工房をたずねて

兵頭恵子

工房をたずねて 兵頭恵子

夏の風物詩、うちわ。ふうわりひと扇ぎすると、心地いい涼を感じさせてくれます。
全国シェアの9割を誇る丸亀うちわは江戸時代、こんぴら参りの土産物として始まり、地場産業に発展。
1997年に国の伝統的工芸品に指定されました。竹から1本のうちわができるまでには47の工程があり、2~3週間もの時間がかかます。竹、木綿糸、和紙など自然の素材を使い、職人の手で1本1本作られる丸亀うちわは、持ちやすくてほどよくしなり、やわらかい風を運んでくれます。
 そんな丸亀うちわに魅せられた兵頭恵子さんは、50歳を前に後継者育成事業の7期生に応募し、職人の道へ入りました。小柄な体で竹を割ったり削ったり。自宅作業のほか、丸亀市の「うちわの港ミュージアム」でも実演を行っています。

丸亀うちわができるまで

うちわ作りに使うのは、県内産の真竹。一定の幅に割り、内側の節を削った竹を「切り込み機」で穂先から10cmくらい切り込みを入れ、同じ感覚で裂いていきます。
その後、節に弓竹を通して「穂骨」を糸で編んでいく「付」(つけ)という作業へ。兵頭さんは「ここが一番の難しいところ。竹を扱うのに力は必要だけど、力だけじゃだめ。ちょっとしたコツがいるんよ」と、器用に糸を交差させながら、編み進めていきます。専用の道具を使って網目を整えながら広げていくと、だんだんとうちわらしい形になっていきます。「骨」ができたらのりをつけて紙や布を貼り、余分なところを切り落とし、周囲にへり紙と耳を貼って、ようやく完成となります。

兵頭さんは伝統的な丸亀うちわのほか、オリジナルの創作うちわにも取り組んでいます。
鞄に入れて持ち歩ける、友禅和紙を貼ったミニうちわ(収納袋付き)や、握力の弱い人が持ちやすいよう、ストッパーをつけた「楽竹うちわ」など、女性ならではの細やかな感性が光る新作が、次々と生まれています。

「何本作ってもまだ、最高と思えるものは作れていない」と話す兵頭さんは、新たな挑戦として2013年、夏場だけではなく通年使える「サヌキモノウチワ」を発表しました。
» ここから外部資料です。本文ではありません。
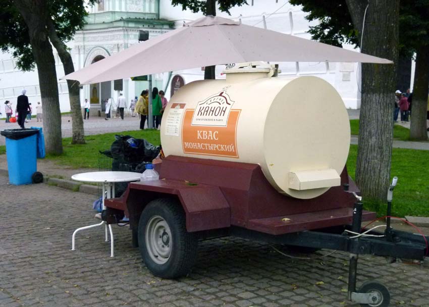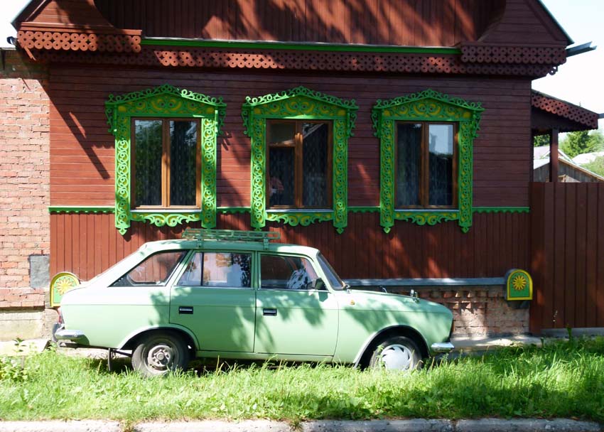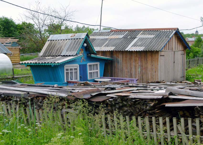 Bevor wir Suzdal verlassen, werden wir noch von einer Journalistin interviewt und fotografiert. Sie hat für eine Zeitung aus Vladimir das Übliche woher, wohin, warum gefragt. Wahrscheinlich lächeln wir jetzt auf einem Foto in der Zeitung zwischen unseren gewaschenen Unterhosen auf der Leine hervor. Wir müssen die Überflutung mit Denkmälern erst einmal verdauen. Auch wenn jedes Einzelne davon sehr sehenswert und wunderschön ist, wird es halt mit der Zeit doch zu viel. |

高松市在住のイラストレーター、オビカカズミさんとのコラボレーションで生まれたうちわは、お相撲さんや鯛、松など香川にちなんだイラストが描かれた阿波和紙を使っています。カタチも遊び心がいっぱいで、扇いでも飾っても絵になるので、贈り物としても喜ばれそうです。「なるべく使い勝手がいいようにと、いつも考えています。長くやっていると足も腰も痛むけど、好きなことだから仕方がない」と、はにかむように笑う兵頭さんは、職人になって11回目の夏を迎えます。手には小さな傷やマメが絶えず、削った竹で洋服が汚れても「丁寧に、丁寧に」仕事をする兵頭さんを見ていると、うちわ作りへの静かな情熱が伝わってきます。高知の土佐和紙や香川の保多織など、様々な素材を使っての創作にも取り組んでおり、今後の展開がますます楽しみです。